Family Nature Summits are annual gatherings that offer a mix of environmental and outdoor education and adventure, with notable environmental and wildlife educators providing classes and activities for adults and children. Called "Conservation Summits" until 2000, the National Wildlife Federation (NWF)  held the first Summit (a harbinger of present day ecotourism and green living trends) on July 20–25, 1970, at the YMCA of the Rockies, Rocky Mountain National Park, Colorado. There have been 119 Summits since 1970, with notable environmental educators, naturalists, authors and artists such as Robert Michael Pyle, Jim Halfpenny, Clare Walker Leslie, Roger Tory Peterson, Annie Tiberio Cameron, Steve Torbit, and Craig Tufts  serving as faculty at many of the Summits. The organization's objectives focus on entertaining educational nature programming for youth, teens, and young adults, led by nationally recognized environmental educators such as Steve Houser, recipient of the 2009 Edward C. Roy, Jr. Award For Excellence in K-8 Earth Science Teaching.

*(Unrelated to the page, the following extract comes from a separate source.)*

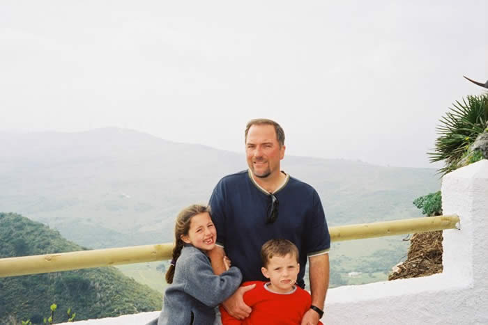 Mark and the kids posing by the church

Summits have been held in Alaska, California, Michigan, West Virginia, Maine, New York, Colorado, Utah, three Canadian provinces, and elsewhere. In 2006, dozens of longtime Summiteers formed a non-profit corporation to take over the project from NWF.  Family Summits, Inc. has produced Family Nature Summits since then as an independent organization, in Black Mountain, North Carolina in 2007; at Mount Hood, Oregon in 2008; at the YMCA of the Adirondacks in Silver Bay, New York in 2009 ; in the Sierra Nevada near  Tahoe City, California on Lake Tahoe in 2010 and 2017; near Potosi, Missouri at the YMCA of the Ozarks in 2011. In 2012, a Summit was held again at the inaugural Summit site near Rocky Mountain National Park at the YMCA of the Rockies near Estes Park, Colorado, and the following year at Acadia National Park on Mount Desert Island, Maine.  In 2014 one was held at the Asilomar Conference Grounds on California's Monterey Peninsula, the site of Summits from 1973-75 and 1992-93.  In 2015, the Summit was at  Lake Junaluska and the adjacent Great Smoky Mountains National Park.  In 2016, the event was at Ghost Ranch near Abiquiú in northern New Mexico, and in 2018 in the White Mountains of New Hampshire and Maine near Bethel, Maine.  For 2019, the Grand Traverse Bay-Lake Michigan region of northwestern lower Michigan hosted the event.  After 2020-21 coronavirus cancellations, the 2022 event was at the Humboldt State University redwoods area of Northern California.  The July 7-13, 2023 event will be in central Minnesota.